From your work on household optimization and Lagrange multipliers, you know how to set up a constrained maximization problem and derive first-order conditions. The Euler equation is what you get when you apply that machinery to a household choosing how much to consume today versus tomorrow, subject to a budget constraint that allows saving and borrowing at the real interest rate r. The household maximizes lifetime utility — say, u(c₁) + β·u(c₂) for two periods, where β is the discount factor reflecting impatience — subject to the constraint that the present value of consumption equals the present value of income.
Taking the first-order conditions with respect to consumption in each period and combining them yields the Euler equation: u'(c_t) = β·(1+r)·u'(c_{t+1}). In words, the marginal utility of consuming one more dollar today must equal the discounted marginal utility of saving that dollar, earning interest, and consuming it tomorrow. If the left side were larger — consuming today gives more marginal utility than the best use of the money tomorrow — the household should consume more today and save less. If the right side were larger, the household should save more. At the optimum, the household is indifferent at the margin between consuming now and consuming later, which is exactly what the equation says.
The Euler equation reveals what drives consumption growth. With the common CRRA utility function u(c) = c^(1-σ)/(1-σ), the equation simplifies to c_{t+1}/c_t = [β·(1+r)]^(1/σ). This says consumption grows when the real interest rate exceeds the household's rate of time preference (embedded in β), and the elasticity of intertemporal substitution (1/σ) controls how responsive consumption growth is to interest rate changes.
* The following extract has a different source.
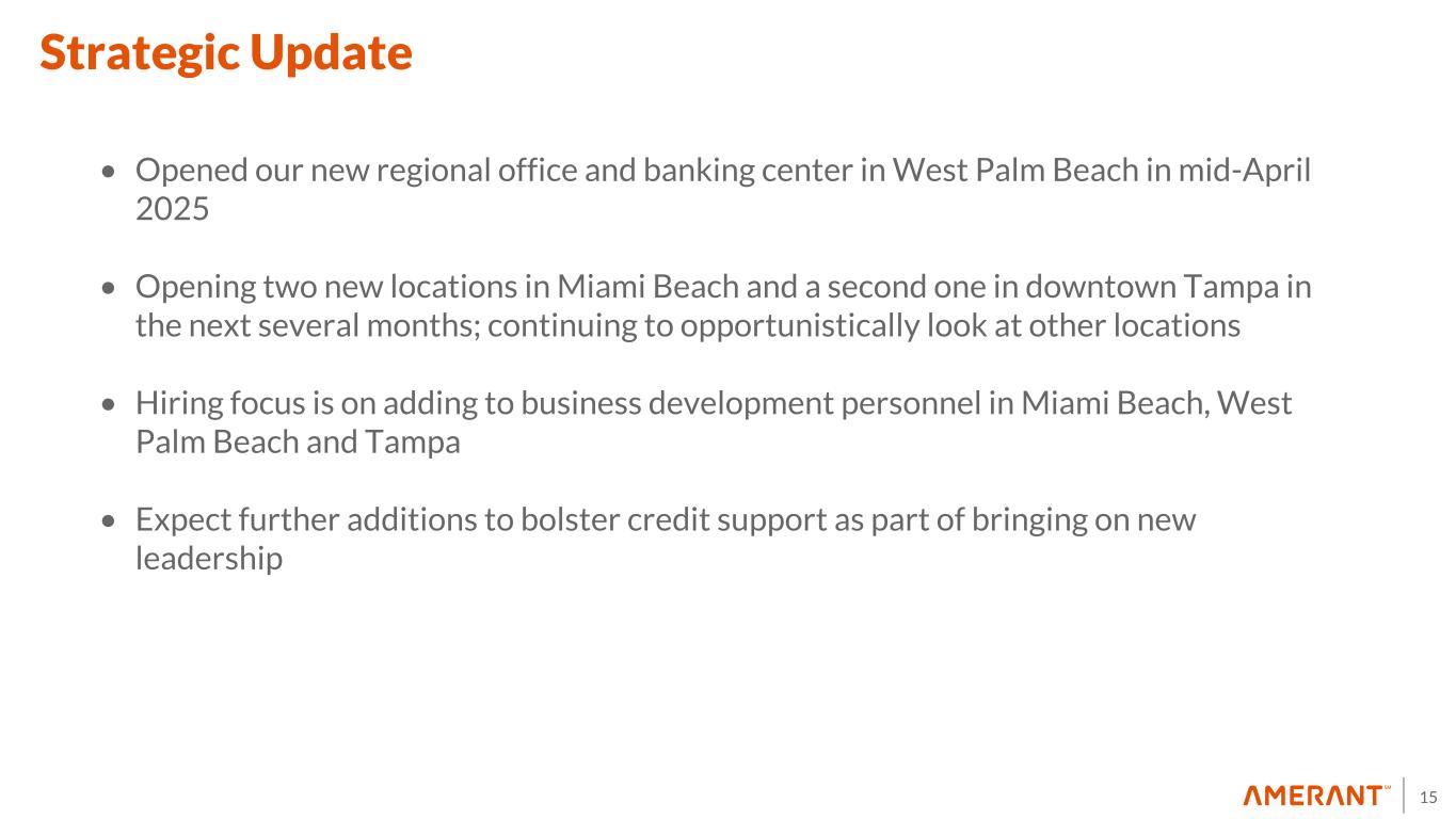 14 Recent Significant Additions to Our Team Business Development: Braden Smith • Chief Consumer Banking Officer (appointed 4/14/25) • 30 years of experience, most recently as Vice Chairman and Head of Private Banking for Wintrust Financial Corp for the past 15 years • Started on 11/18/24 as Chief Business Development Officer Stephen Putnam • New head of Treasury Management (started 4/14/25) • 21 years of experience, most recently as SVP, Regional Treasury Sales Team Leader at Valley National Bank

When σ is small, households willingly shift consumption across time in response to interest rate incentives — they are flexible substituters. When σ is large, households strongly prefer smooth consumption and barely respond to interest rate changes. This single parameter governs how aggressively households tilt their consumption path toward the future when returns to saving are high.
What makes the Euler equation so powerful in macroeconomics is that it holds in every period and under uncertainty (with expectations operators), providing a tight discipline on consumption dynamics without requiring you to solve for the entire consumption path at once. It says nothing directly about the level of consumption — that comes from the budget constraint — but it pins down the rate of change. This is why the Euler equation appears in virtually every modern macro model: the New Keynesian IS curve is a linearized Euler equation, the Ramsey growth model's dynamics are driven by it, and asset pricing models use it to link consumption growth to expected returns. Once you internalize that households optimize at the margin between present and future consumption, the Euler equation becomes the workhorse condition connecting interest rates, patience, risk aversion, and macroeconomic dynamics.